▶ _Exercise aim_: The answer must consist only of the lines in the records below from the line with "공장 직접 판매 상하이" to the line with "Свинцево-кислотний акумулятор MERLION", both included, copied word for word with every picture left out.

(Data under study Opens)

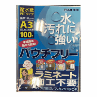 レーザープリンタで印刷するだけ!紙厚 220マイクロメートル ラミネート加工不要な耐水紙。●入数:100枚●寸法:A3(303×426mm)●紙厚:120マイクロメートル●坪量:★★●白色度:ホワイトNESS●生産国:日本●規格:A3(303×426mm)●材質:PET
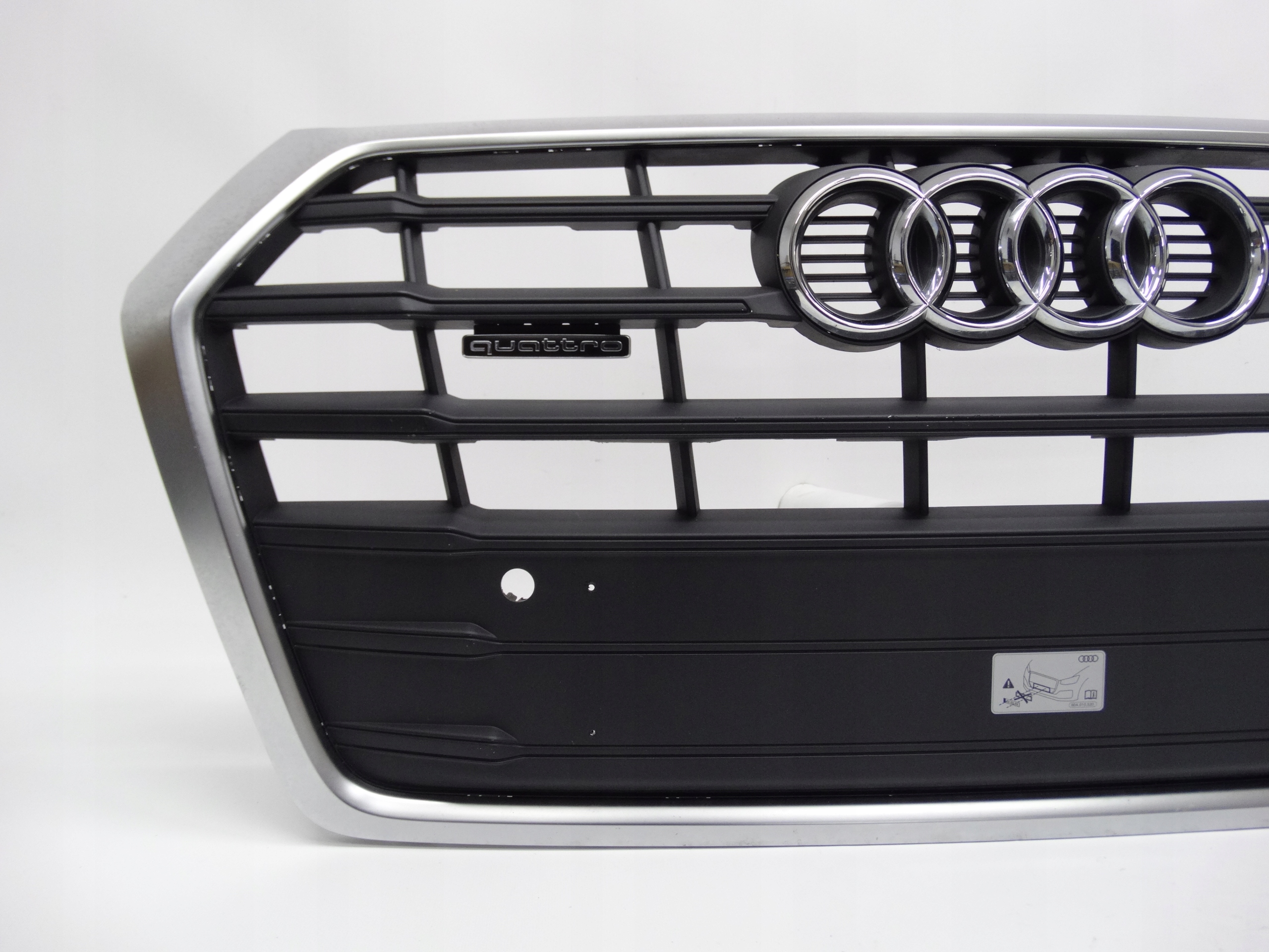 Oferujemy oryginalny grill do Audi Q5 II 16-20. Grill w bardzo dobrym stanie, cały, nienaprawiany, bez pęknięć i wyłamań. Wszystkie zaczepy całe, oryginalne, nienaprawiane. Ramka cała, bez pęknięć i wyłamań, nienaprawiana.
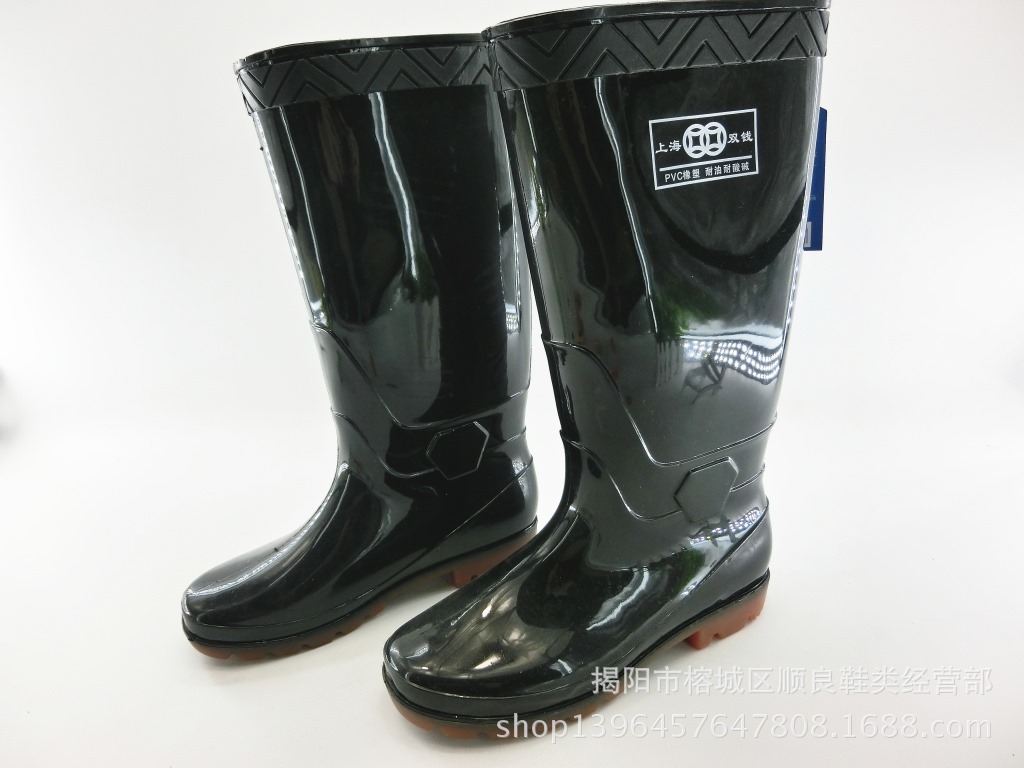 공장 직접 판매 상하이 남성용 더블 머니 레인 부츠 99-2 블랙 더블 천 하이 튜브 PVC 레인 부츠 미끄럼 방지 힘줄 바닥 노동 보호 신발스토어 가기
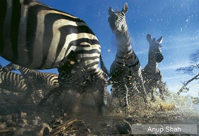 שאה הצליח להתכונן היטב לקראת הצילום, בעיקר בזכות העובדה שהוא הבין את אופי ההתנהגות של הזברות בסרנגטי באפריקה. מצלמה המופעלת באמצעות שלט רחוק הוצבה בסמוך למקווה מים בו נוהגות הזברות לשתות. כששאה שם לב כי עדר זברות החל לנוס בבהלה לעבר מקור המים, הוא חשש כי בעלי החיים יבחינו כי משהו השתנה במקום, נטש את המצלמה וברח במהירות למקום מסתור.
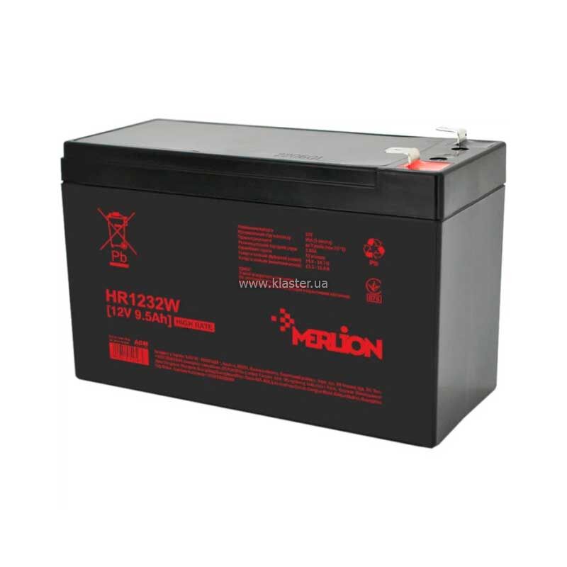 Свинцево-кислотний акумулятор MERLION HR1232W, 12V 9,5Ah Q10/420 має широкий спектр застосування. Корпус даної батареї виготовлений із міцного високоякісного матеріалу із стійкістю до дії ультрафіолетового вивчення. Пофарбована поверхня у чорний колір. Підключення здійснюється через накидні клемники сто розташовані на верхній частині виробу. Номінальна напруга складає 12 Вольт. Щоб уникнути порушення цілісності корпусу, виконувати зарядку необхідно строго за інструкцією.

(Data under study Closes)
(Data under study Opens)

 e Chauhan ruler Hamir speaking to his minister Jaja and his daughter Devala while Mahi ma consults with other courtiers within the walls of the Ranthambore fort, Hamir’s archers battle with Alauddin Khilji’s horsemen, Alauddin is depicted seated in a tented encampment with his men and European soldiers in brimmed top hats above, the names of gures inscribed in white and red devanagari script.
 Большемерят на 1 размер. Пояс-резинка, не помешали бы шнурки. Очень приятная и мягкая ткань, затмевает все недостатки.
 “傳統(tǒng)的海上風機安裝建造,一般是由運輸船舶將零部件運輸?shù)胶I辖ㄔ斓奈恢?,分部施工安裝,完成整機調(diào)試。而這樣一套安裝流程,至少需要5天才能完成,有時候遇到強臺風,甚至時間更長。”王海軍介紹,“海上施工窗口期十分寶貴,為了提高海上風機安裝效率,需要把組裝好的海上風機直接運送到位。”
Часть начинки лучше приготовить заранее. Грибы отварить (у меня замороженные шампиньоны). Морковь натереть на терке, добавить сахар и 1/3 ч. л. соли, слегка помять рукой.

(Data under study Closes)
(Data under study Opens)

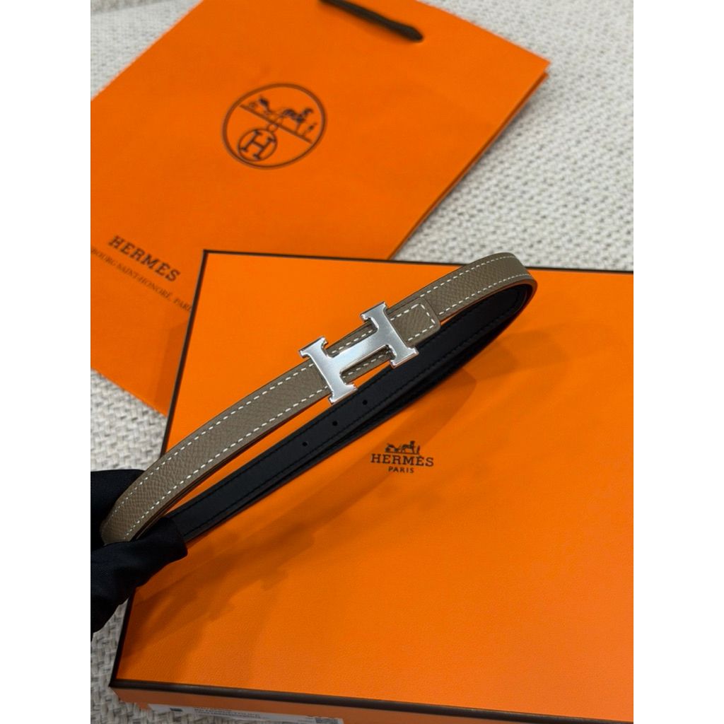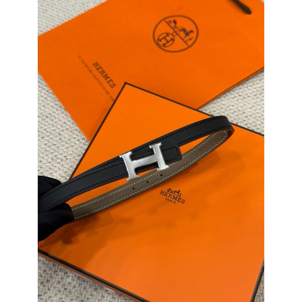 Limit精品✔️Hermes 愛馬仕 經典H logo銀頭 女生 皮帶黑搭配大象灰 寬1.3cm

(Data under study Closes)

▶ _Final answer_:
 공장 직접 판매 상하이 남성용 더블 머니 레인 부츠 99-2 블랙 더블 천 하이 튜브 PVC 레인 부츠 미끄럼 방지 힘줄 바닥 노동 보호 신발스토어 가기
 שאה הצליח להתכונן היטב לקראת הצילום, בעיקר בזכות העובדה שהוא הבין את אופי ההתנהגות של הזברות בסרנגטי באפריקה. מצלמה המופעלת באמצעות שלט רחוק הוצבה בסמוך למקווה מים בו נוהגות הזברות לשתות. כששאה שם לב כי עדר זברות החל לנוס בבהלה לעבר מקור המים, הוא חשש כי בעלי החיים יבחינו כי משהו השתנה במקום, נטש את המצלמה וברח במהירות למקום מסתור.
 Свинцево-кислотний акумулятор MERLION HR1232W, 12V 9,5Ah Q10/420 має широкий спектр застосування. Корпус даної батареї виготовлений із міцного високоякісного матеріалу із стійкістю до дії ультрафіолетового вивчення. Пофарбована поверхня у чорний колір. Підключення здійснюється через накидні клемники сто розташовані на верхній частині виробу. Номінальна напруга складає 12 Вольт. Щоб уникнути порушення цілісності корпусу, виконувати зарядку необхідно строго за інструкцією.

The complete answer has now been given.